Autojit functions are handled by NumbaSpecializingWrapper, which wraps a Python function and when called does a lookup in a cache to see if a previously compiled version is available. This code in in numbawrapper.pyx.
NumbaSpecializingWrapper holds an AutojitCache which tries to find a match very quickly. However, it may not always find a compiled version even though it’s in the cache, for instance because there are values of different Python types which are represented using the same numba type.
This is then corrected by a slower path which tries to compile the function, and creates a type for each argument. It uses these types to do a lookup in numba.functions.FunctionCache.
The story for classes is slightly different. @jit classes are simply turned into a compiled extension type, with compiled methods set as class attributes. The NumbaFunction handles binding to bound or unbound methods.
@autojit classes are wrapped in the same way as autojit functions, but with a different compiler entry point that triggers when the wrapper is called. The entry point compiles a special version of the extension class, and any methods that are not specialized (e.g. because they take further arguments than self), are wrapped by wrappers (again NumbaSpecializingWrapper) that compile a method on call and update the method table (the table supporting fast call from numba space).

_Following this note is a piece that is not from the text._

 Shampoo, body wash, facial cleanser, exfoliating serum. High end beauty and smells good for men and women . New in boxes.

The only special case are unbound methods, consider the code below:
from numba import *
@autojit
class A(object):
def __init__(self, arg):
self.arg = arg
def add(self, other):
return self.arg * other
print A(10).exttype # <AutojitExtension A({'arg': int})>
print A(10.0).exttype # <AutojitExtension A({'arg': float64})>
We have two versions of our extension type, one with arg = int and one with arg = float64. Now consider calling add as an unbound method:
print A.add(A(10.0), 5.0) # 50.0
To dispatch from unbound method A.add of unspecialized class A to specialized method A[{'arg':int_}].add, numba creates a UnboundDelegatingMethod defined in numba.exttypes.autojitclass.

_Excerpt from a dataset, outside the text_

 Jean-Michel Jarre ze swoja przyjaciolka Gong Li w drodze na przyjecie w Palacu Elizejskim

Array expressions live in numba.array_expressions. Array expressions roughly work as follows:
Detect array expressions (ArrayExpressionRewrite)
This code finds a maximal sub-expression that operates on arrays, e.g. A + B * C. These expressions are captured via register_array_expression.
The registered expression is extracted using get_py_ufunc_ast. This function traverses the subexpression and does the following:
- demote types from arrays to scalars
- register any non-array sub-expression of our expression as an operand. More on this below.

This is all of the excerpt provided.